BEGIN

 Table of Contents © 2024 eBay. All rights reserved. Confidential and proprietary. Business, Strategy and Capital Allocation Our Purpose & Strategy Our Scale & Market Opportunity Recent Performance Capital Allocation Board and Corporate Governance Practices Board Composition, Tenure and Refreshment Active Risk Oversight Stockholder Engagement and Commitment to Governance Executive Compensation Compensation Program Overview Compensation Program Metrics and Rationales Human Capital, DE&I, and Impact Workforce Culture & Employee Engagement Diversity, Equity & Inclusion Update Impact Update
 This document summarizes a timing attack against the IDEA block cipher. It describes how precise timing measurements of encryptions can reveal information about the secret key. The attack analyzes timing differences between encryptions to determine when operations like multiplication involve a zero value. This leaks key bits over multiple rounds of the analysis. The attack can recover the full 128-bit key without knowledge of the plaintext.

END
BEGIN

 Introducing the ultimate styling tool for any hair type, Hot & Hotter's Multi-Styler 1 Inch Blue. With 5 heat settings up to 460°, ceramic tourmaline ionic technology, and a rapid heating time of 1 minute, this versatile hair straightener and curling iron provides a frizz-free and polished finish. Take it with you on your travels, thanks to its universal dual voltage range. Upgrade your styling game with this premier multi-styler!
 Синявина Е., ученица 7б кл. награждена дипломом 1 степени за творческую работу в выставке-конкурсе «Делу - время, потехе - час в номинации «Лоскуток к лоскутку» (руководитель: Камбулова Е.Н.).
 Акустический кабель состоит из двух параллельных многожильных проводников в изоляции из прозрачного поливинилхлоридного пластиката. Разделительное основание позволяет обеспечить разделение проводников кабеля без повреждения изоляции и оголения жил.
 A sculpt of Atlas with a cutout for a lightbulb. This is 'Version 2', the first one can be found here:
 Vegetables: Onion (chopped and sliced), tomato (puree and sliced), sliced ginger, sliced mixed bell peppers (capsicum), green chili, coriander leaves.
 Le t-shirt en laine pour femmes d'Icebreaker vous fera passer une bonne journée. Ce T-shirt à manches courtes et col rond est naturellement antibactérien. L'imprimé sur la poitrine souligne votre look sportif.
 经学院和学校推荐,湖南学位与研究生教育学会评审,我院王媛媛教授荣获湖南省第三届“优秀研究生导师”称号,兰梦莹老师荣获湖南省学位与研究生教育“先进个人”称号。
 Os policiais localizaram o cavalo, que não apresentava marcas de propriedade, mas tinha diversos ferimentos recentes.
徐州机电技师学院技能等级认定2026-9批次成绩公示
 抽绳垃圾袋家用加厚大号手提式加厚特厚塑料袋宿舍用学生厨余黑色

END
BEGIN

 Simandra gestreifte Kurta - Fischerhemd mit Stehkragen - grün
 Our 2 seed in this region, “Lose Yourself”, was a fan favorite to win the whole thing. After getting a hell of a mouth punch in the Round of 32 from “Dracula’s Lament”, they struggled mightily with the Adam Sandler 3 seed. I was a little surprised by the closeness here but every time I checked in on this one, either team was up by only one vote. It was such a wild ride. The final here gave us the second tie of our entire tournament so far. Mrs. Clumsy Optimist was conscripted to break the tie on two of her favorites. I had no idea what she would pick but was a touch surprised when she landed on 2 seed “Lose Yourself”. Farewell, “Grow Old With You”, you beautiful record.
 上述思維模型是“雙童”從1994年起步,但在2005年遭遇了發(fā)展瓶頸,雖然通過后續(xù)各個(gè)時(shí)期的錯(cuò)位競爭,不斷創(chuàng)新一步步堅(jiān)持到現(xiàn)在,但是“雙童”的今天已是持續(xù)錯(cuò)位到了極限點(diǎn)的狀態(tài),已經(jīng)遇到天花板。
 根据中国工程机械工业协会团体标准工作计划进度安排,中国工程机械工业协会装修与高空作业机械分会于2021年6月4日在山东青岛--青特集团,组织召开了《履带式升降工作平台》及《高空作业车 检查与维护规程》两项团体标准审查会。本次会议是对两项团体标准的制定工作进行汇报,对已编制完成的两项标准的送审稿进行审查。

END

Tell me how many lines of the data hold the word "when", giving only the number.

→ **WORKED SOLUTION**
2